Employee share schemes should allow early stage start-ups to attract and retain talented and skilled employees without having to pay them large initial salaries (which the start-ups generally can’t afford) by allowing the employees to instead benefit from the upside and share in the risk of the business alongside other investors and founders.

The current regulatory framework was introduced in Australia in 2009. It was intended to stop executives exploiting the existing system. Unfortunately, the unintended consequence of the changes was to create a significant obstacle to innovative start-ups.
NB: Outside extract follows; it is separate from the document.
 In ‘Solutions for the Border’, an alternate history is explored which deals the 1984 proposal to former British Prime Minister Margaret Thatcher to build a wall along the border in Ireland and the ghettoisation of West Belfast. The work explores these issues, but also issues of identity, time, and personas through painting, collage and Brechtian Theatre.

As the laws currently stand, the key issue in Australia is that employees can be liable for an upfront tax charge on the value of shares or options that they receive under an employee share scheme. This means that tax is owed immediately on shares or options where the value often can’t yet be realised, to be funded from income yet to be produced. Often the employee has no way to sell the shares or options (because there is no tradable market) and end up saddled with an immediate tax liability for the deemed “income” that they have notionally received.
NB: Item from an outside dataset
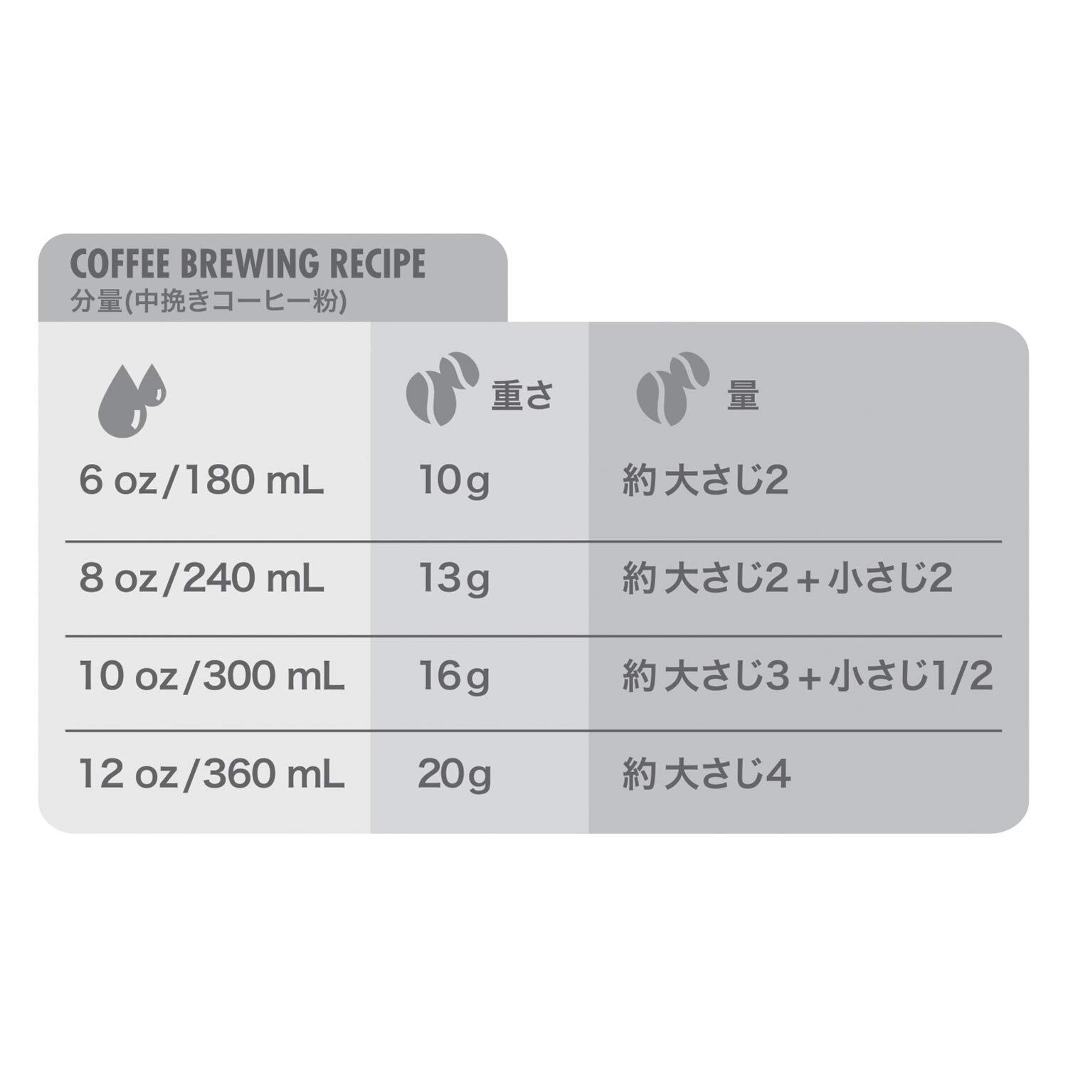お湯を注ぐ部分には、6oz(180ml)〜12oz(360ml)のメモリが表示され、一人用から二人用のコーヒーがドリップできます。

It is possible to structure employee share schemes that address this upfront tax issue, but this is complex and hence expensive, and thus out of range for most small start-ups.

On 7 February 2014 Treasury completed a round of public consultation into employee share schemes and at least three cabinet ministers, including Treasurer Joe Hockey, Communications Minister Malcolm Turnbull and Small Business Minister Bruce Billson are reported to be in favour of revoking the 2009 changes.
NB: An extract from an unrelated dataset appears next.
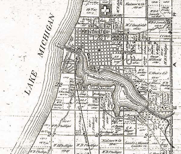 1890 map of Oceana County, showing Pentwater Lake and the location of the channel cut into Lake Michigan. From the Terry Pepper Great Lakes collection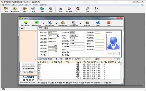 前台营业包括散客登记和会员登记。可在此进行衣柜管理和会员卡相关操作。会员卡支持照片,刷卡后可显示客户照片。

As such, it was widely hoped within the innovation sector that changes to the current framework would be announced in the recent Federal Budget. Unfortunately, however, the Budget was silent on this issue. With industry insiders tipping that the changes will be part of Prime Minister Tony Abbott and Industry Minister Ian Macfarlane’s national industry investment and competitiveness agenda to be released later this year, we are left with an uncertain wait.

Employee share scheme reform will put the Australian innovation sector back on a level playing field with its overseas competitors. Small start-ups need the ability to attract and retain the people they need to build strong, successful businesses.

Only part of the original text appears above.